Дилюк ускоренным шагом, продавливая туфлями плитку (которую как ошибочно положили в дождь!), двигался в сторону музыканта. Прошел через дорогу — одно только
чувство, что кто-то идет прямо по его стопам никак не покидало молодого
человека, особенно, когда двоились шаги по лужам, но из-за зонта, что лежал на
его плече, он даже не мог оглянутся — чуть не окунувшись ногой в лужу, поднялся
по ступенькам, и вот — пара метров, а перед ним все так же безустанно перебирал
аккорды покрасневший от постоянной игры и прохлады артист…
«И что же он играл?» — Мужчина окунувшийся с головой в далекое воспоминание, отдернулся и оглянул дорогу, но мысли все были об одном. Дилюк как бы припоминает слова, отдаленно настукивает пальцами по рулю темп мелодии, что-то даже напевает,
отдельные яркие строчки, но хорошо помнит. только отрывистое «Долгая счастливая
жизнь!»… Композицию полностью он вспомнить не может. И как он только удосужился
забыть?! Забыв ту простенькую дворовую песню, он будто и позабыл их
первую встречу!..
Досадно стало на душе, но Дилюк получил ответ — артист играл шансон! Шансон — вольная мелодия! И вольный глас всех подневольных. Причем подневольными их Дилюк назвал не спроста, замышляя в этом слове что-то больше, чем обыкновенные лишенные
свободы: здесь фигурировали в первую очередь те, кто неволен был в душе, кто
скучает, кто ждет и помнит, кому в тяжесть разлука и горестно сладки
практически стертые из памяти воспоминания… И как ловко все подневольные,
будучи при деньгах и славе могут сладко голосить о том, что тождественно
счастью — любви. Как ощущается каждое мягкое слово и как пронзающе отдается в
сердце каждая струна; как песни артистов отыскивают счастье в том немногом; как
их лирические герои радуются душистому шафрану, вечеру вдоль набережной и
длинной тернистой дороге… В этом находил себя и Дилюк.

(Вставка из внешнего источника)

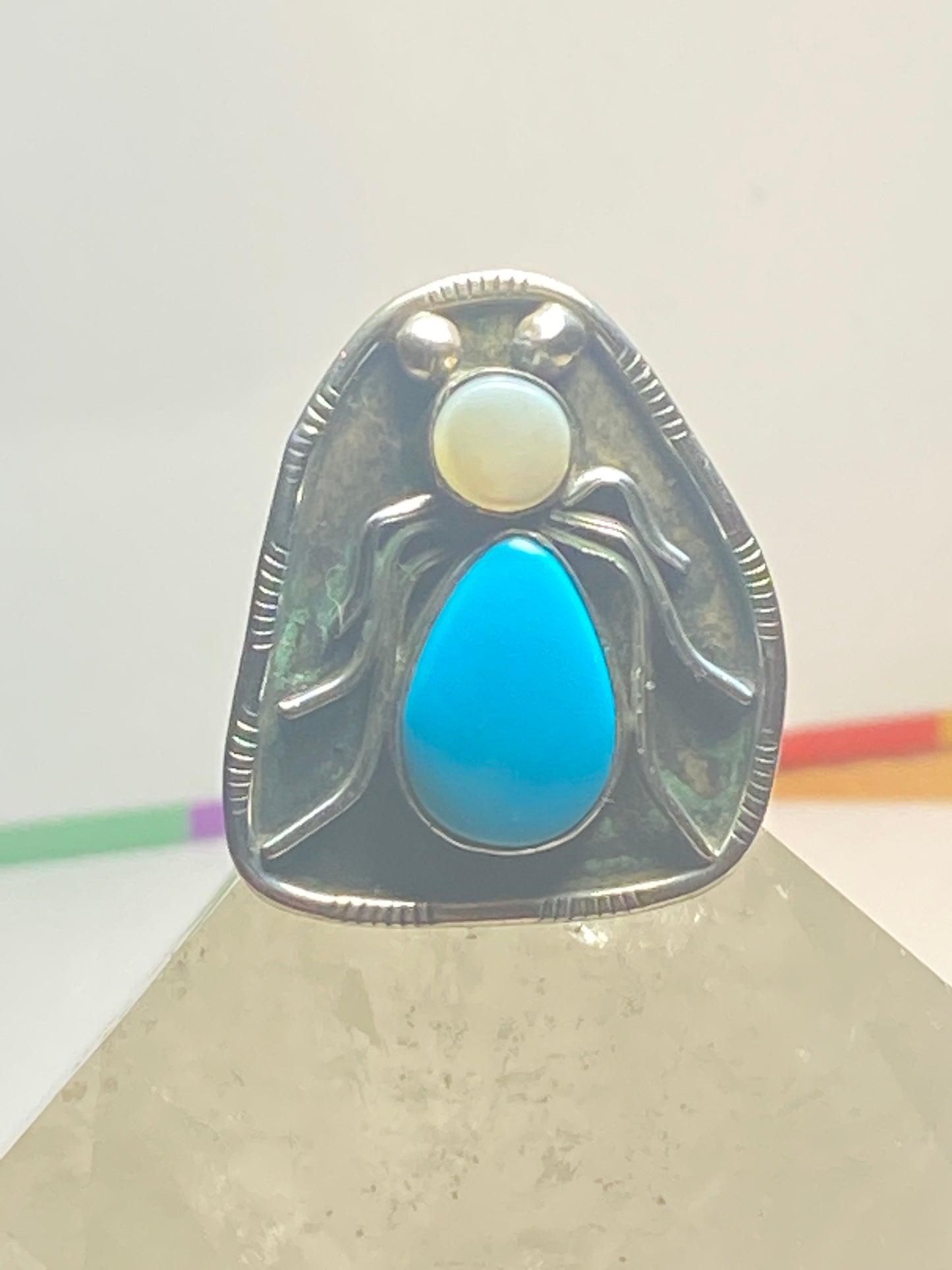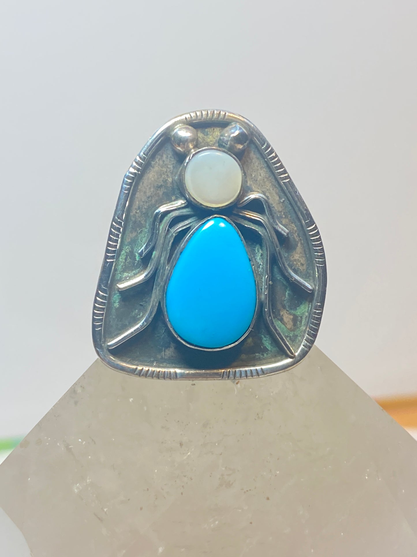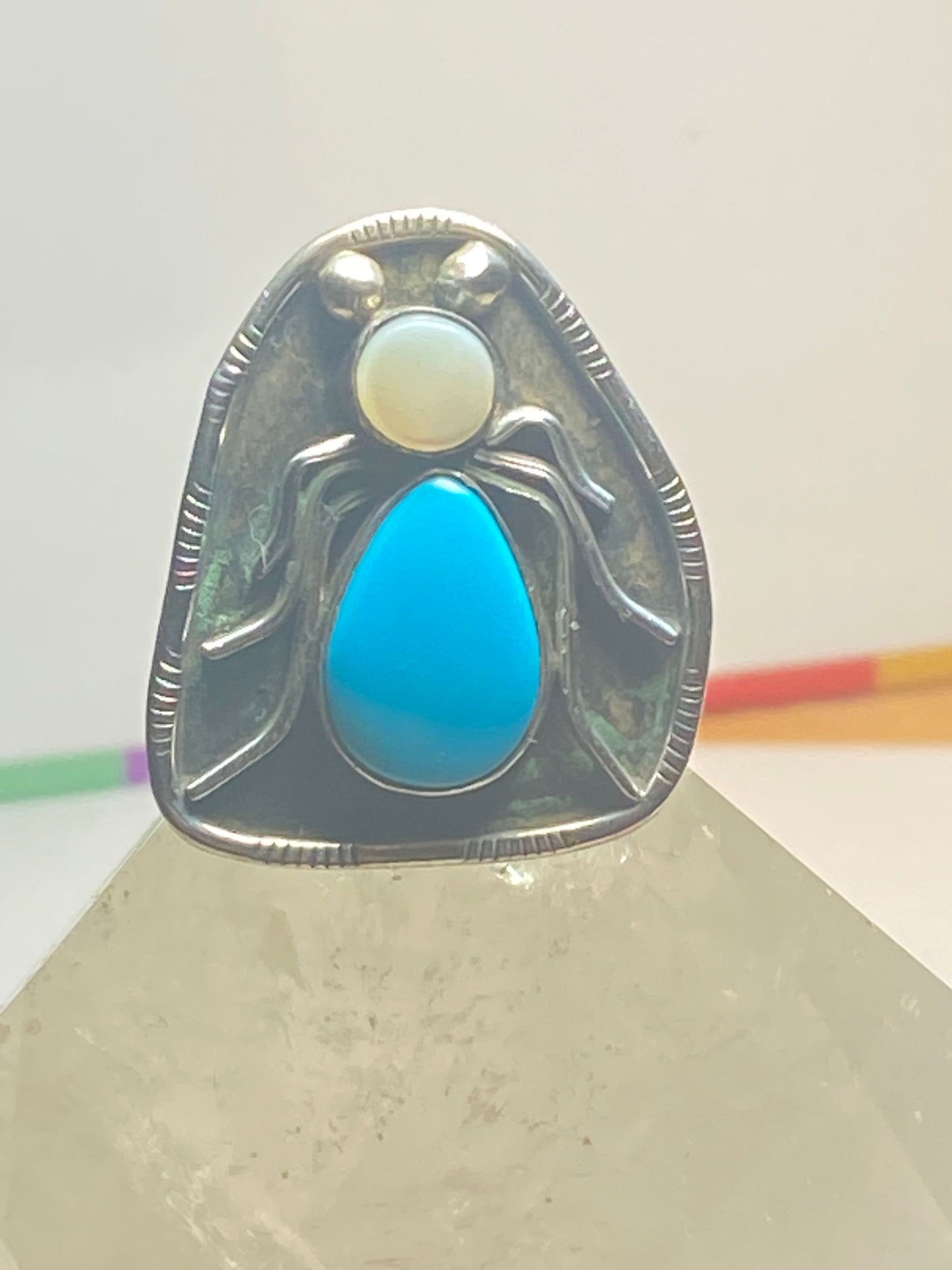 Spider ring Navajo turquoise mother of pearl sterling silver women

Музыка ненадолго вернула водителя из воспоминаний и заставила приковать свой взгляд на дороге. Но в глухих лесах, в которые Дилюк попал спустя лишь час от поездки, уже не было ни связи обыкновенной и уж тем более радиосвязи. В ту же минуту вместо приятной мелодии, радио запершило и оттуда хлынули, разъедая уши, помехи… Мужчина выключил радио, и в нерушимой тишине вновь окунулся в тот день, тот далекий день…
— Здравствуй, сынок! — Дилюк не успел еще поздороваться, как выступающий, неожиданно прервавший свою трепетную игру, опередил юношу.

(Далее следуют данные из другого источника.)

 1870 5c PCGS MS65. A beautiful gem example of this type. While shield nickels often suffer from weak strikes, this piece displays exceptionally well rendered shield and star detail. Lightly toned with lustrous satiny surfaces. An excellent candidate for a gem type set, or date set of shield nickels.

— Здравствуйте… — Дилюк в ожидании, что дедушка скоро продолжит играть, молча глядел на него, его гитару, снова не него. Дедушка, с ехидной улыбкой, что не уходила с его лица с момента прихода сюда Дилюка, тоже молчал и смотрел на Дилюка — видимо, тоже томился в ожидании чего-либо. Но именно выступающий определял сейчас, что происходит, и долго ли они еще будут так молчать и смотреть друг на друга.
Дилюк недоумевал: «почему он не играет? Играл, значит, играл, пришел Дилюк — и не
играет?»
— А вы еще играть будете? — решил начать Дилюк, полагая, что артист ждал именно этого вопроса.
— Знаешь, сынок, квартет одно и тоже дважды не играет! — ответил, рассмеявшись во весь голос, опрокинувшись назад и чуть не уронив гитару певец.
Юноша стоял в еще большем недоумении. Казалось, что артист только и ждал такого, как Дилюк, чтобы сыграть ему все, что он знал, блеснуть талантом, а он… отказывается?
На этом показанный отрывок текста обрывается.